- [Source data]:
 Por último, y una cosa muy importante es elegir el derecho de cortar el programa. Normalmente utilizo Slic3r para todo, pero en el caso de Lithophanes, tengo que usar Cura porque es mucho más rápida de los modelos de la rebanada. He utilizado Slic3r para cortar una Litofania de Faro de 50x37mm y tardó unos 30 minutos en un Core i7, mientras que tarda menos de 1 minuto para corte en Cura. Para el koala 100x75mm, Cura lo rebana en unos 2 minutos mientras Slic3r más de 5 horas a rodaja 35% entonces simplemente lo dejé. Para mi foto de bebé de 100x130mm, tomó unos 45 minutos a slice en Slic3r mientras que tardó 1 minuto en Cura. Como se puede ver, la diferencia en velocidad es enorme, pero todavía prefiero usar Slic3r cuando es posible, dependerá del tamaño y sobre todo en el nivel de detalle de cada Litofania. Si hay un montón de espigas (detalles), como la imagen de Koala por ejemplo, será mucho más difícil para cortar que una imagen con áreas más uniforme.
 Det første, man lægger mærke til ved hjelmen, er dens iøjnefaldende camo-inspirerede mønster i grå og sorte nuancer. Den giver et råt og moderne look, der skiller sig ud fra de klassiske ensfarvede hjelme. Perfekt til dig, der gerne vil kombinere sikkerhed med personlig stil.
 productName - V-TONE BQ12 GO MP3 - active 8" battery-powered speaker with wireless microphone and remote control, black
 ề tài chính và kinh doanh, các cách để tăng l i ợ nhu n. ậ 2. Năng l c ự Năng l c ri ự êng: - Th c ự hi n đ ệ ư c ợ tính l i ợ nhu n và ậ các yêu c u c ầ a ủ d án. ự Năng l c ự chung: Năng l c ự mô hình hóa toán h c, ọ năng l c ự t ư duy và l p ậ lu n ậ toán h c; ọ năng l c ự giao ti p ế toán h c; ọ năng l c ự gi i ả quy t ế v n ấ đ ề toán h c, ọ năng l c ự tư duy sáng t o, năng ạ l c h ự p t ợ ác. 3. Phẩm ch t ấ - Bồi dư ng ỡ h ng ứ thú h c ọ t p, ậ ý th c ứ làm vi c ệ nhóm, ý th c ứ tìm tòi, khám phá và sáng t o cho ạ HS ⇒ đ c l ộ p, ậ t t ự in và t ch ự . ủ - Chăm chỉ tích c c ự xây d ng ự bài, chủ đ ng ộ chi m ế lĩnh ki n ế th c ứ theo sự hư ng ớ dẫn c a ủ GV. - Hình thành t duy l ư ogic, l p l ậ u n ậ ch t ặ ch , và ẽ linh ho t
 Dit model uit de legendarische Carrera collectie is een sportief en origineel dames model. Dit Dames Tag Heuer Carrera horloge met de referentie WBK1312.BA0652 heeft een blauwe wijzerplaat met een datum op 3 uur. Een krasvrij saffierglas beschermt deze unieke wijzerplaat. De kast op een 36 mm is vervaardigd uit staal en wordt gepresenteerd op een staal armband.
--
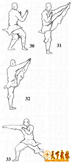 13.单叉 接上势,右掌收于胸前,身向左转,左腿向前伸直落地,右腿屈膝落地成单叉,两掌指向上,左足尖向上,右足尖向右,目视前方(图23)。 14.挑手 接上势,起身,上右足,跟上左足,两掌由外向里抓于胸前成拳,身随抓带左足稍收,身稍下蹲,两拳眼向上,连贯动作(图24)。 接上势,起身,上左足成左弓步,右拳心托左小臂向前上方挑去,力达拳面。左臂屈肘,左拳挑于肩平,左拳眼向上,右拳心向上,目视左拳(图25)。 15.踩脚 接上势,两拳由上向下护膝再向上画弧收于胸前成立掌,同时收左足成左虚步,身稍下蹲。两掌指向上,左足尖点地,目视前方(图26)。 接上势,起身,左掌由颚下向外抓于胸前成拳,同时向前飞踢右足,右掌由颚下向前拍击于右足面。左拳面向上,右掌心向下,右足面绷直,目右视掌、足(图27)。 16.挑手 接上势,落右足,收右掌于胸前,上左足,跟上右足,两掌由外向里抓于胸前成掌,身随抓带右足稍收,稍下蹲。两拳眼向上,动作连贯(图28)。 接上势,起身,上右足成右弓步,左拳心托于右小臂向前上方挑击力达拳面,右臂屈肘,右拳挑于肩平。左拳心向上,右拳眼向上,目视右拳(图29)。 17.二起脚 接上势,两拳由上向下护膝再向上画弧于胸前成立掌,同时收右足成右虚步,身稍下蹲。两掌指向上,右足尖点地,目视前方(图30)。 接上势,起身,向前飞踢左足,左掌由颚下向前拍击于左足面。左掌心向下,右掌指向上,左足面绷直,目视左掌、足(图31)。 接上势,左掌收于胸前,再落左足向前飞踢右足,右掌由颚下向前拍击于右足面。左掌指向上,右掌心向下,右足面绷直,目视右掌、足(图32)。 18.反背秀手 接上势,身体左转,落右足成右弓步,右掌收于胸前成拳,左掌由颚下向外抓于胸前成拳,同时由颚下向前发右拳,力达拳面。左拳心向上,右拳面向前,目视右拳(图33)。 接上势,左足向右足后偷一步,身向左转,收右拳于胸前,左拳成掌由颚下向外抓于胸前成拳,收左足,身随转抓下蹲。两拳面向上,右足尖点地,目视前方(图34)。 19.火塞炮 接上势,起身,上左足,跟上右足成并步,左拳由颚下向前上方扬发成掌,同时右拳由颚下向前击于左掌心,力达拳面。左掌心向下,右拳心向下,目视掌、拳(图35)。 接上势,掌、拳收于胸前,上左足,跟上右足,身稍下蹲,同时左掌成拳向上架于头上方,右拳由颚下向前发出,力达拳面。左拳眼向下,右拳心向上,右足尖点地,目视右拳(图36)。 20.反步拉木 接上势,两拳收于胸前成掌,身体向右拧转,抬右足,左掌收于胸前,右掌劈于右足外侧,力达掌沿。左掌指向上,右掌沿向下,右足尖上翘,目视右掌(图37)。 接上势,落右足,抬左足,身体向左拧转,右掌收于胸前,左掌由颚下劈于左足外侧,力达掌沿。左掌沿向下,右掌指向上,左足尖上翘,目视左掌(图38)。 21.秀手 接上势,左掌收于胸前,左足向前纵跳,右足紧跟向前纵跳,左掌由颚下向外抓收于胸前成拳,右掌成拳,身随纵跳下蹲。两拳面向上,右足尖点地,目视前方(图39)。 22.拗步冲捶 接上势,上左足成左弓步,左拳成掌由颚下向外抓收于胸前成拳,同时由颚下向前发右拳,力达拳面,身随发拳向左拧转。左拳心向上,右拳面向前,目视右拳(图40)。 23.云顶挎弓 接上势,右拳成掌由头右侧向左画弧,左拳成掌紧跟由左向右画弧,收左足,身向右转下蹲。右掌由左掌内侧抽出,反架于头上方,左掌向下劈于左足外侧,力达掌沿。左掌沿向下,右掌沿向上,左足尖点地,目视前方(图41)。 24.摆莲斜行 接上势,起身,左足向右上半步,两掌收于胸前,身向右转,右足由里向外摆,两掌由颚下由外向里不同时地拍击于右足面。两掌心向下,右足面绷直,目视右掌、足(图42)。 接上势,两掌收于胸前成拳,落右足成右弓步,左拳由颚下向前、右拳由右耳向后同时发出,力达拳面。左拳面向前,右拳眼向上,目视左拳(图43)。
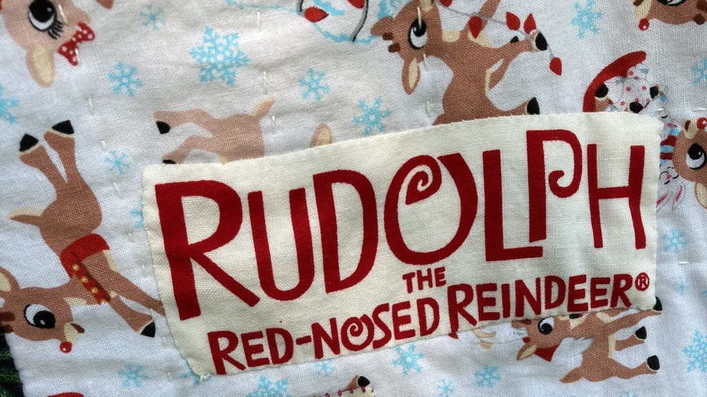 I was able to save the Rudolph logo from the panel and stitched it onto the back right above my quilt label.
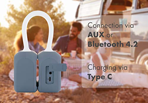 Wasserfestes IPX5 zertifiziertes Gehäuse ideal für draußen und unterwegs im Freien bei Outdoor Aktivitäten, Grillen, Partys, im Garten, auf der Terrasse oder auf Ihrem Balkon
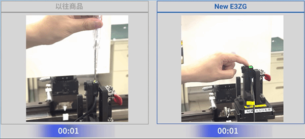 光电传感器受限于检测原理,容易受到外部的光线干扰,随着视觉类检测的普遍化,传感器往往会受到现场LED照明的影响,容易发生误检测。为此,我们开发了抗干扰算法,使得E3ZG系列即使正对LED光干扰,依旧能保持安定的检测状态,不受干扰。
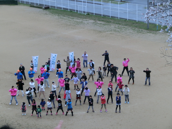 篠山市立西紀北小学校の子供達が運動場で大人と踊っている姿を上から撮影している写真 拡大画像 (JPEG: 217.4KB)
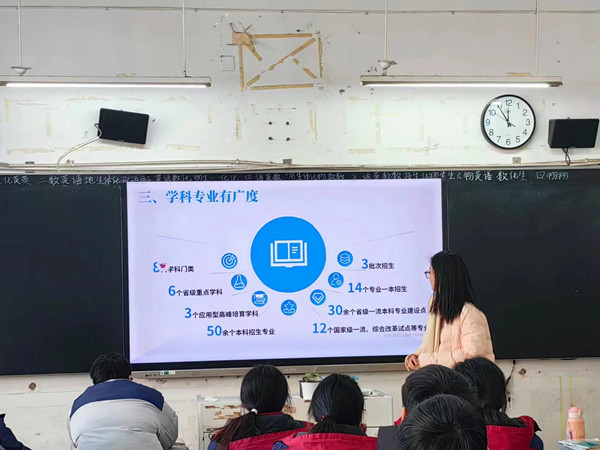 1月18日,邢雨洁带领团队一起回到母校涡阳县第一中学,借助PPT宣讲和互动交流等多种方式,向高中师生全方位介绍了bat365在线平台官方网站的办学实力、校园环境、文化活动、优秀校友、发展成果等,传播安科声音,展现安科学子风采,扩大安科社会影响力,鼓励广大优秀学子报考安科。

- [Problem to work on]: From the entries above, restate word for word the lines from the line containing "productName - V-TONE" to the line containing "Dit model uit", both ends included, and nothing more.

- [Answer box]:
 productName - V-TONE BQ12 GO MP3 - active 8" battery-powered speaker with wireless microphone and remote control, black
 ề tài chính và kinh doanh, các cách để tăng l i ợ nhu n. ậ 2. Năng l c ự Năng l c ri ự êng: - Th c ự hi n đ ệ ư c ợ tính l i ợ nhu n và ậ các yêu c u c ầ a ủ d án. ự Năng l c ự chung: Năng l c ự mô hình hóa toán h c, ọ năng l c ự t ư duy và l p ậ lu n ậ toán h c; ọ năng l c ự giao ti p ế toán h c; ọ năng l c ự gi i ả quy t ế v n ấ đ ề toán h c, ọ năng l c ự tư duy sáng t o, năng ạ l c h ự p t ợ ác. 3. Phẩm ch t ấ - Bồi dư ng ỡ h ng ứ thú h c ọ t p, ậ ý th c ứ làm vi c ệ nhóm, ý th c ứ tìm tòi, khám phá và sáng t o cho ạ HS ⇒ đ c l ộ p, ậ t t ự in và t ch ự . ủ - Chăm chỉ tích c c ự xây d ng ự bài, chủ đ ng ộ chi m ế lĩnh ki n ế th c ứ theo sự hư ng ớ dẫn c a ủ GV. - Hình thành t duy l ư ogic, l p l ậ u n ậ ch t ặ ch , và ẽ linh ho t
 Dit model uit de legendarische Carrera collectie is een sportief en origineel dames model. Dit Dames Tag Heuer Carrera horloge met de referentie WBK1312.BA0652 heeft een blauwe wijzerplaat met een datum op 3 uur. Een krasvrij saffierglas beschermt deze unieke wijzerplaat. De kast op een 36 mm is vervaardigd uit staal en wordt gepresenteerd op een staal armband.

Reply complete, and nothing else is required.